AutorPlinio Apuleyo Mendoza

Como ocurre con ciertas divas, hay ciudades cuya belleza fascina de inmediato y es, sin duda, el caso de París, para no hablar del esplendor teatral de Venecia, de los rincones medievales de Praga o de las reminiscencias imperiales que aún quedan en Viena.

Con Lisboa, como en Roma, no ocurre lo mismo. Son secretas, de algún modo íntimas.

Sólo si se tiene la oportunidad de divisar Lisboa desde una terraza a esa hora milagrosa en que un crepúsculo dorado va languideciendo en la colina dominada por el Castillo de San Jorge, su encanto deja de ser oculto para hacerse deslumbrante, con las torres de la Catedral alzándose sobre las empinadas calles del Barrio de Alfama y toda una pedrería de luces descendiendo hacia el Tajo.

El río en aquel punto es inmenso. Algunas luces distantes parpadean en sus aguas. Su delta tiene ya la majestad del océano que lo aguarda dos leguas más allá, al otro lado del puente 25 de Abril, cuyos arcos brillan como un encaje de luces azules en la oscuridad.

Hay quienes dicen que el encanto secreto de esta ciudad reside en ciertos rasgos del pasado que han desaparecido ya en otras capitales del Viejo Continente. Tal vez tengan razón.

Lo cierto es que (también como en Roma) ese aire de otros tiempos se respira en las calles del Barrio Alto, de Lapa, Príncipe Real o de Alfama.

Estrechas y empinadas, de día resplandecen al sol entre casas vestidas de azulejos o pintadas de colores inusitados, y con balcones donde hay macetas de flores o ropa puesta a secar.

De noche, esas calles parecen un decorado de teatro con un misterio de faroles antiguos y persianas cerradas y un silencio sólo roto por el paso quejumbroso del último tranvía.

Si uno quiere percibir el alma de la ciudad, debe una noche dejar el auto y tomar uno de esos viejos tranvías amarillos.
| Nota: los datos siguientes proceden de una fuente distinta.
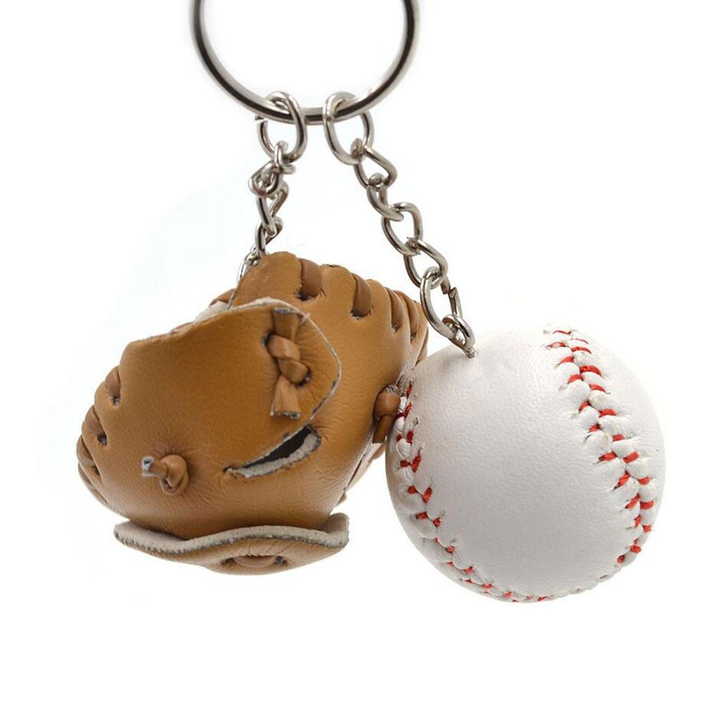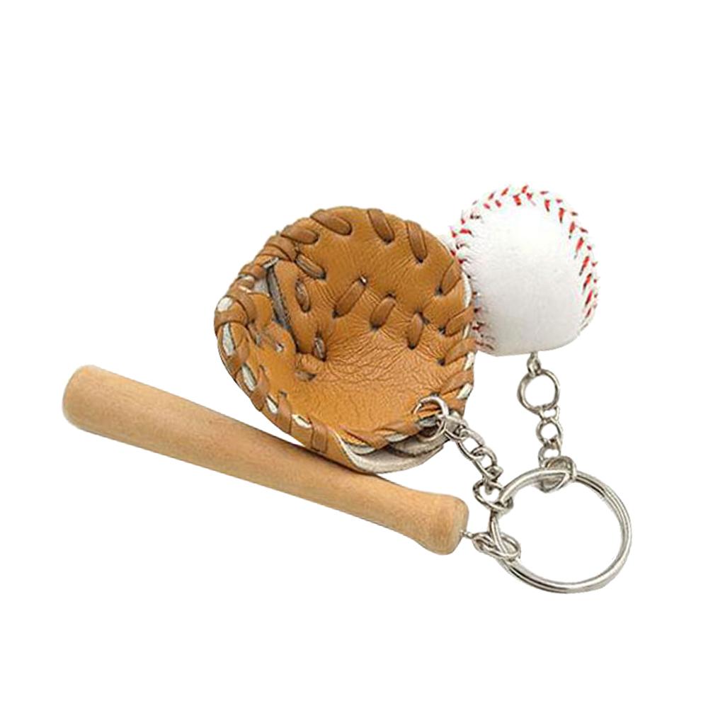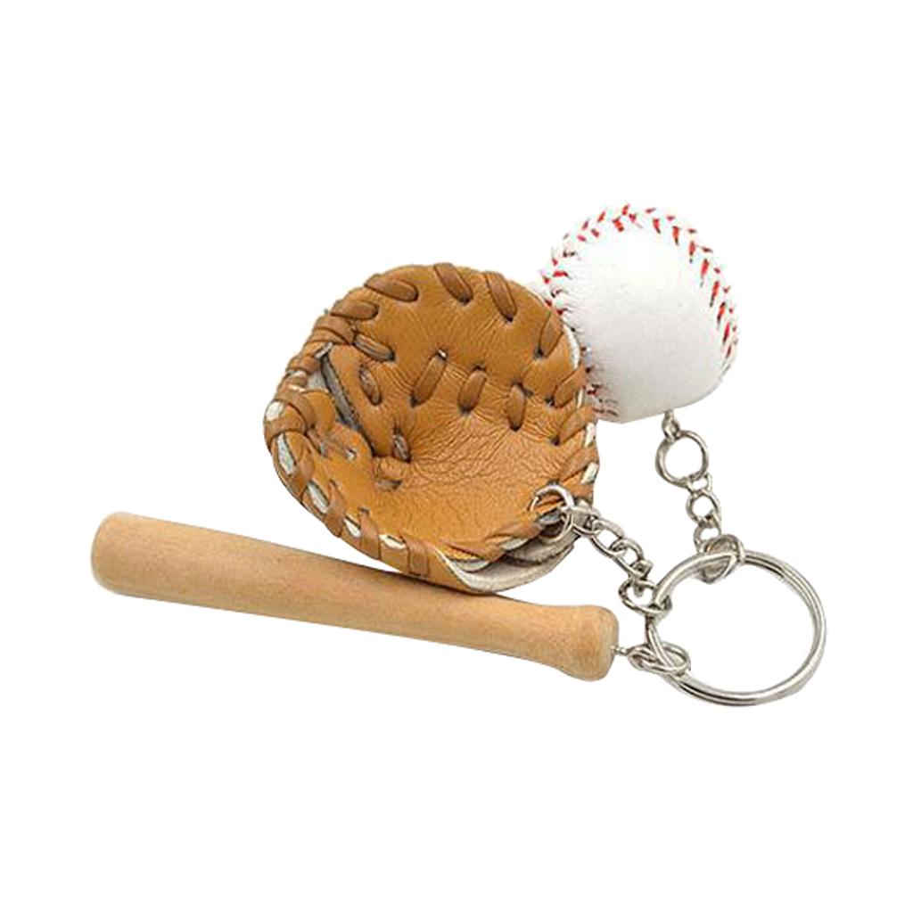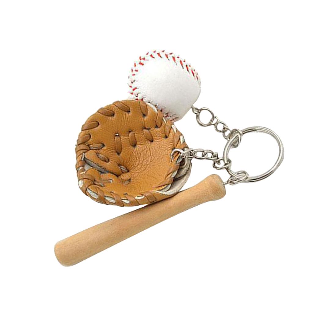 Mini Baseball Ball+Bat+Glove Set Pendant Keyring Key Chain Gift - Brown
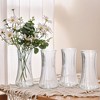 - BEAUTIFUL DESIGN: This glass vase features a unique flared silhouette with a clear body and a textured design that blends easily with any decor. This vase can be used on its own or filled with flowers or greenery, making it a beautiful addition to a tabletop or shelf.

Hay uno en especial, el 28, que cruza como un fantasma el viejo corazón de la ciudad, desde el Cementerio dos Prazeres hasta el Barrio de Gracia.

Pasa con su quejumbre de hierros y el repentino escándalo de campanillas por las calles de la Baixa, dormidas en la noche, antes de subir con ímpetu la calle que se retuerce delante de la Catedral.

Prosigue luego su ascenso por el Barrio de Alfama entre almacenes de anticuarios, plazas olvidadas y miradores, para dejarlo a uno en las mágicas inmediaciones del Castillo de San Jorge, donde a partir de cierta hora sólo se ven gatos furtivos.